Furthermore, as 25 million cells showed sustained engraftment, we evaluated if TMI (8:2) dose escalation was essential for this sustained engraftment, or if a higher cell number was enough. We treated SS mice with TBI (2:2), TMI (4:2), and TMI (8:2) and transplanted 25 million HbA donor BM cells. At day 7 post-BMT, chimerism was much better in all groups, but TMI (4:2) and TMI (8:2) were higher than TMI (4:0) and TBI (2:2). However, only TMI (8:2)-treated mice could retain higher donor chimerism (>60%) by day 30 (Figure 4C), suggesting that both dose escalation and increasing donor cells were necessary for successful short- and long-term engraftment.

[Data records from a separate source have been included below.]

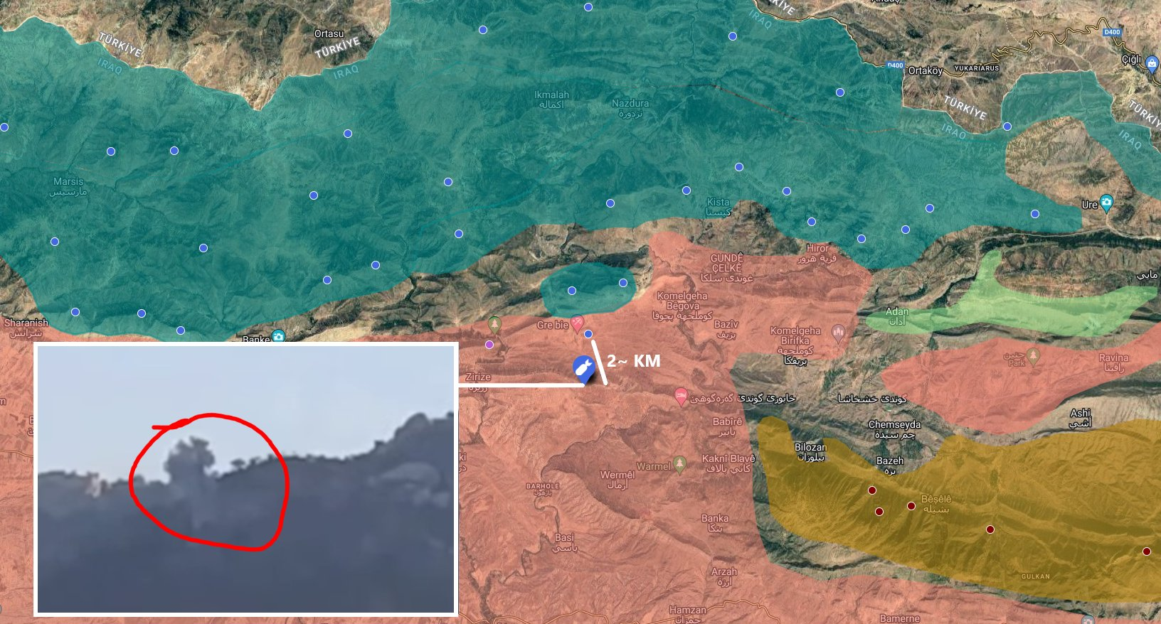 Artillery hit targets belonging to PKK close to the Metina/Gire Biye TSK outpost. Most probably the terrorists came to do an ATGM attack at the outpost.
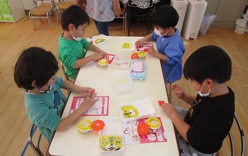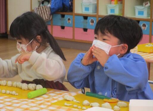 下は・・・お隣さんと一緒に・・・粘土で おかしを作って・・・
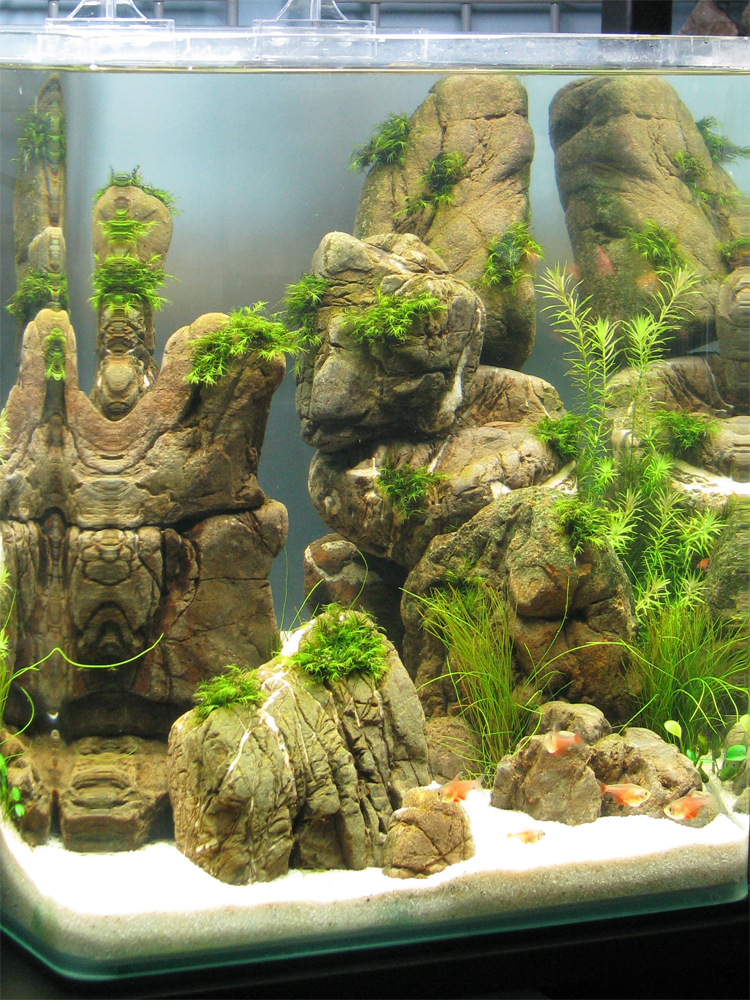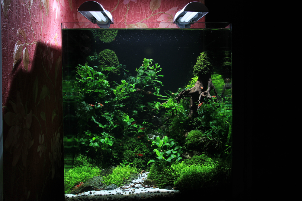 Rośliny: Eleocharis parvula, Hemianthus callitrichoides “Cuba”, Vesicularia dubayana, Flame Moss Taxiphyllum sp., Pogostemon erectus, Vallisneria nana, Crinum calamistratum
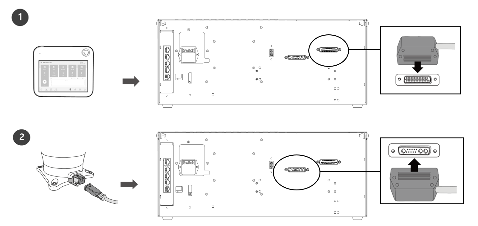 - Empurre a extremidade oposta do cabo do robô para dentro do conetor do controlador correspondente até ouvir um clique para evitar que o cabo se solte.
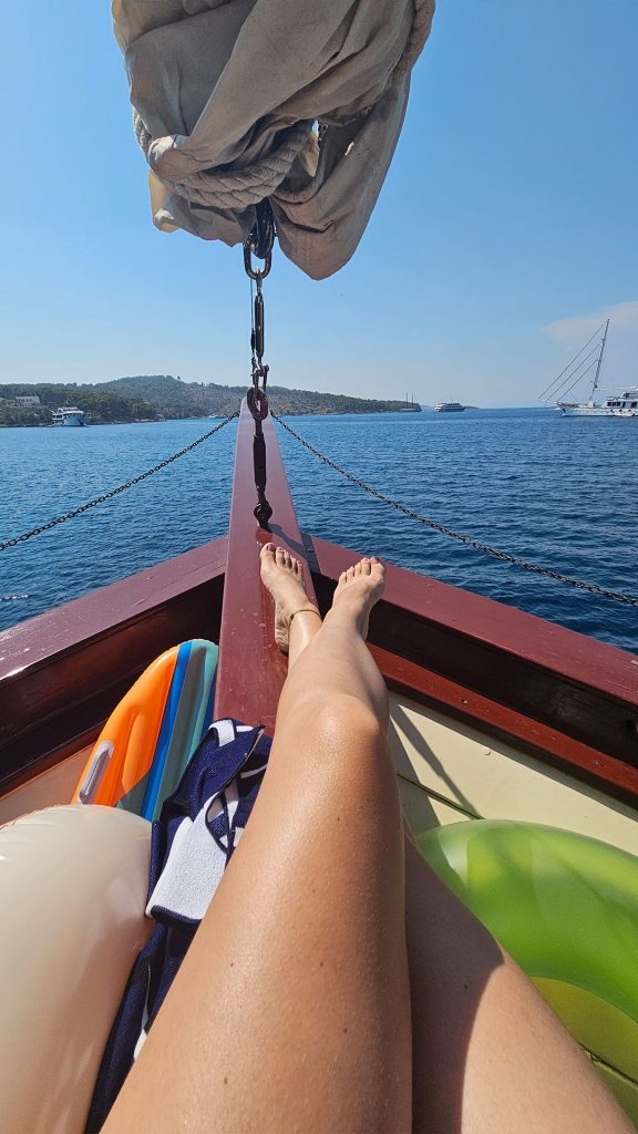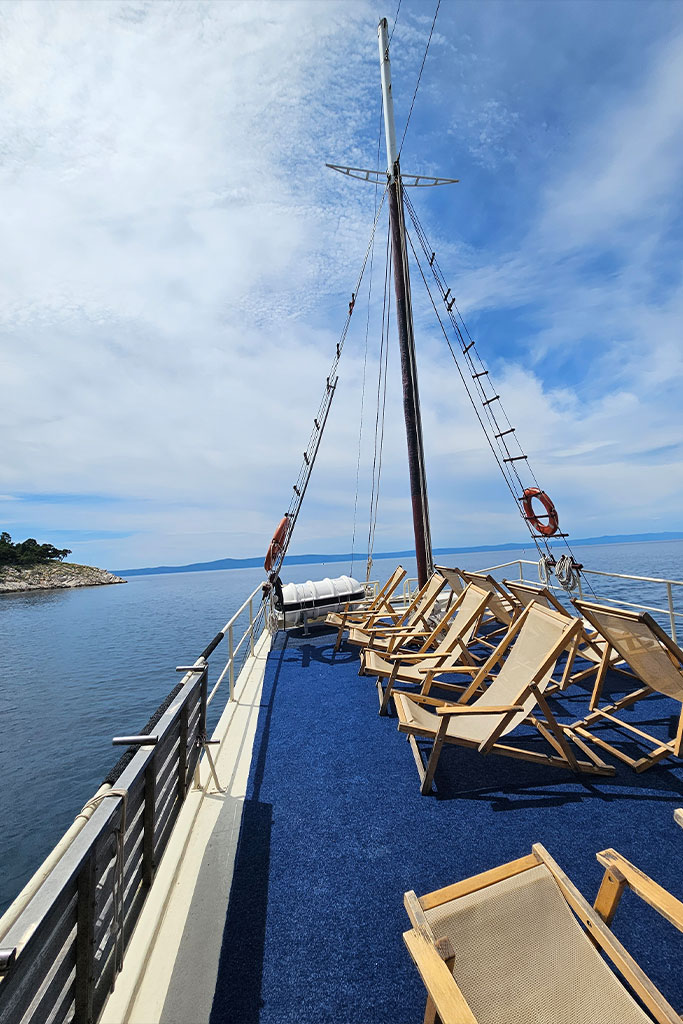 The first and, in our opinion, the best thing is that you are in a different place every day—doesn’t that sound amazing? The second thing is that you don’t have to go anywhere because everything is right at your fingertips. On the boat, you eat, drink, sunbathe… you don’t have to go to the beach because you’re already on the sea. For swimming, you only need to step down the stairs into the water, and those a little braver can jump straight off the boat into the sea.
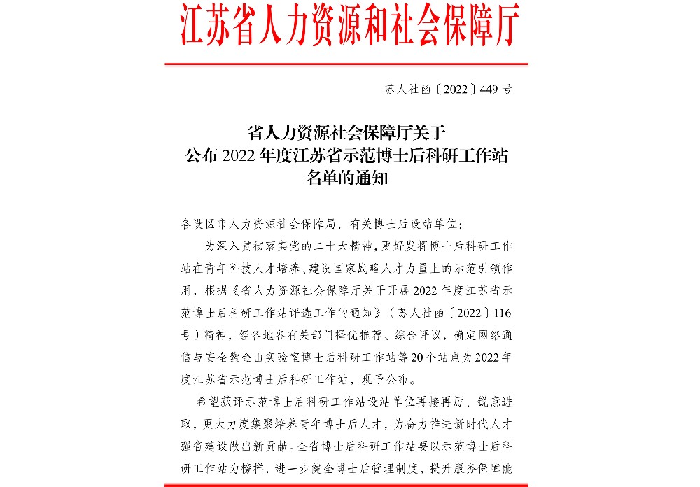 關于公布 2022 年度江蘇省示范博士后科研工作站名單的通知
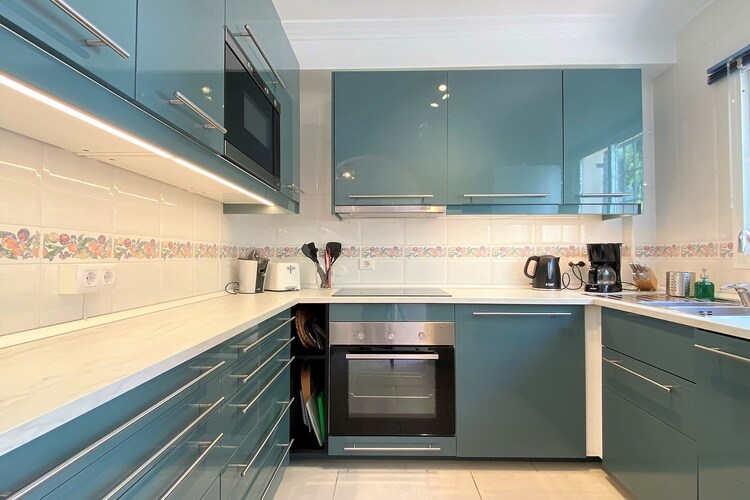 De aparte keuken is onlangs gerenoveerd en goed uitgerust met een inductiekookplaat, oven, magnetron, koel-/vriescombinatie, vaatwasser en essentiële kleine apparaten zoals een koffiezetapparaat en een broodrooster. Een gastentoilet bevindt zich op de begane grond, terwijl op de bovenverdieping een moderne badkamer met een douche en een wasmachine met ingebouwde droger is gevestigd.
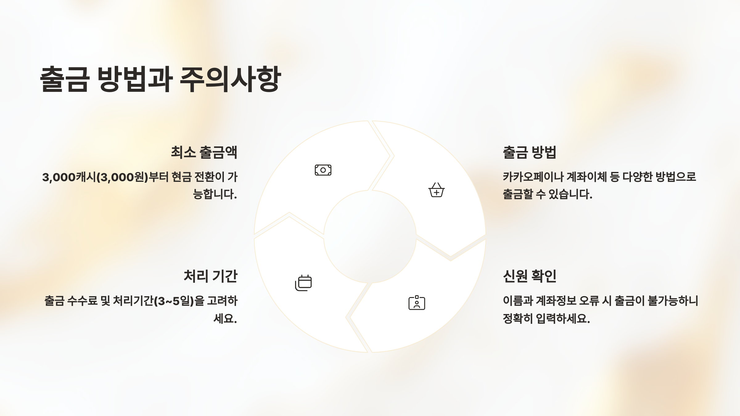 상품권 교환도 인기 있는 옵션이에요. 문화상품권, 해피머니, 도서문화상품권, 스타벅스 상품권, 배스킨라빈스 상품권 등 다양한 종류가 있어요. 상품권의 경우 현금 출금보다 교환 비율이 좋은 경우가 많아서 더 유리할 수 있어요. 예를 들어 5000캐시로 5500원 상당의 상품권을 받을 수 있는 이벤트도 종종 있답니다. 또한 상품권은 즉시 발급되는 경우가 많아서 급하게 필요할 때 활용하기 좋아요. 다만 상품권은 유효기간이 있으니 받고 나서 빨리 사용하는 것이 좋어요.
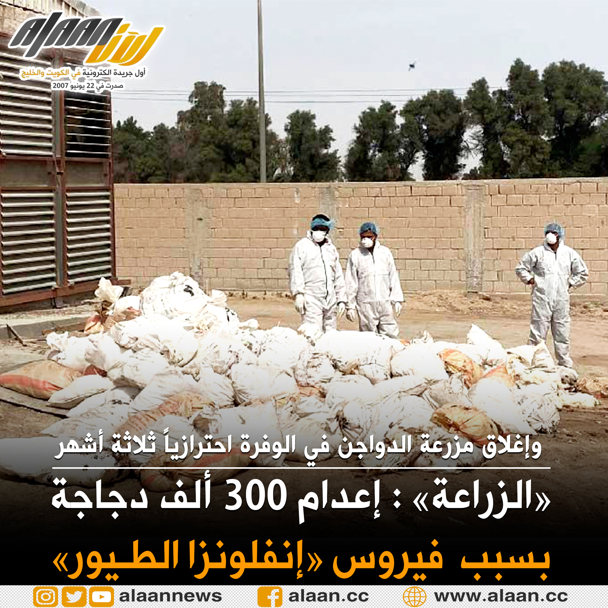 #الزراعة: 300 ألف دجاجة حصدتها #إنفلونزا_الطيور في #الوفرة -تم إقفال المزرعة احترازياً 3 أشهر لحين ارتفاع درجات الحرارة،التي ستقضي بدورها على المرض -الإصابات شملت 11 حظيرة للدواجن خلافاً للمزرعة الأخرى في #العبدلي

We also measured HbA and HbS levels in peripheral blood post-BMT using CAE. With increasing donor BM cells (from 5 to 25 million), we observed an increase in HbA:HbS ratio by D14 in TBI (4:4) and TMI (8:2), while TMI (4:0) showed no change. However, 25 million donor BM cells showed the highest improvement in HbA:HbS ratio in TMI (8:2)-treated mice while TMI (4:0) still showed minimum to no change (Figure 4D), correlating with the enhanced donor chimerism in TMI (8:2) and failed chimerism in TMI (4:0).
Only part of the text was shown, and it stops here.